— Охотника ты, Генька, обокрал. Это факт. Слышишь?
Крюк не ответил. Он одним росчерком расстегнул замок-молнию на своей лыжной куртке, начал комкать и совать за пазуху тряпье.
— А это, — приговаривал он каким-то судорожным голосом, — этот порох и всю труху вместе с сундуком — в воду. Бери давай. Ох, только тише, Варнак.

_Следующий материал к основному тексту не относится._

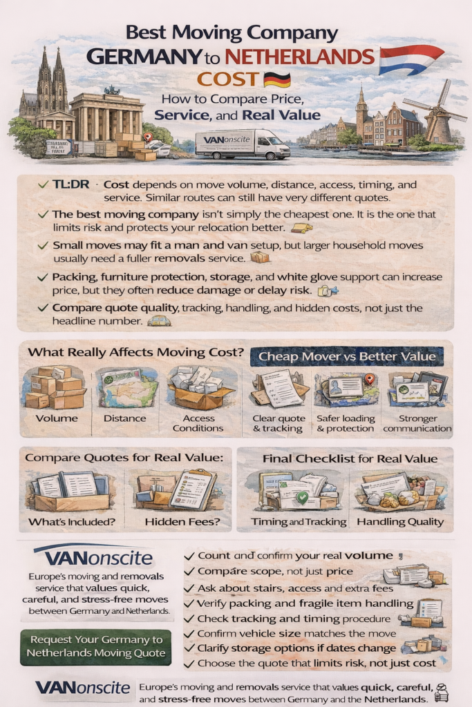The best moving company Germany to Netherlands cost is not the smallest number on the screen. It is the price that gives you real reliability, safer handling, stronger communication, and a much better start once you arrive.

Петруха внезапно осветил фонариком лицо Крюка: на переносице между бровями, на вздрагивающих крыльях его маленького носа выступили градины пота, впалые щеки сухо темнели, а под жнивьем коротких усов круглый задыхающийся рот:
— Что ты? Что ты меня слепишь?
— Клади все назад.
— Дурак ты, Петруха. Я же не все себе. Разделим.
— Клади, говорю.
— Не кричи. Ты не кричи на меня. Я знаешь…
— Крюк! Складывай!
— Скажи хоть, что ты хочешь?
— Вернуть все хозяину. Лесника ты обокрал — я по фуражке вижу. У меня отец лесником был…
— Не финти, Варнак. У тебя, как у меня, отец — проезжий молодец. Заграбастать все один хочешь. Да?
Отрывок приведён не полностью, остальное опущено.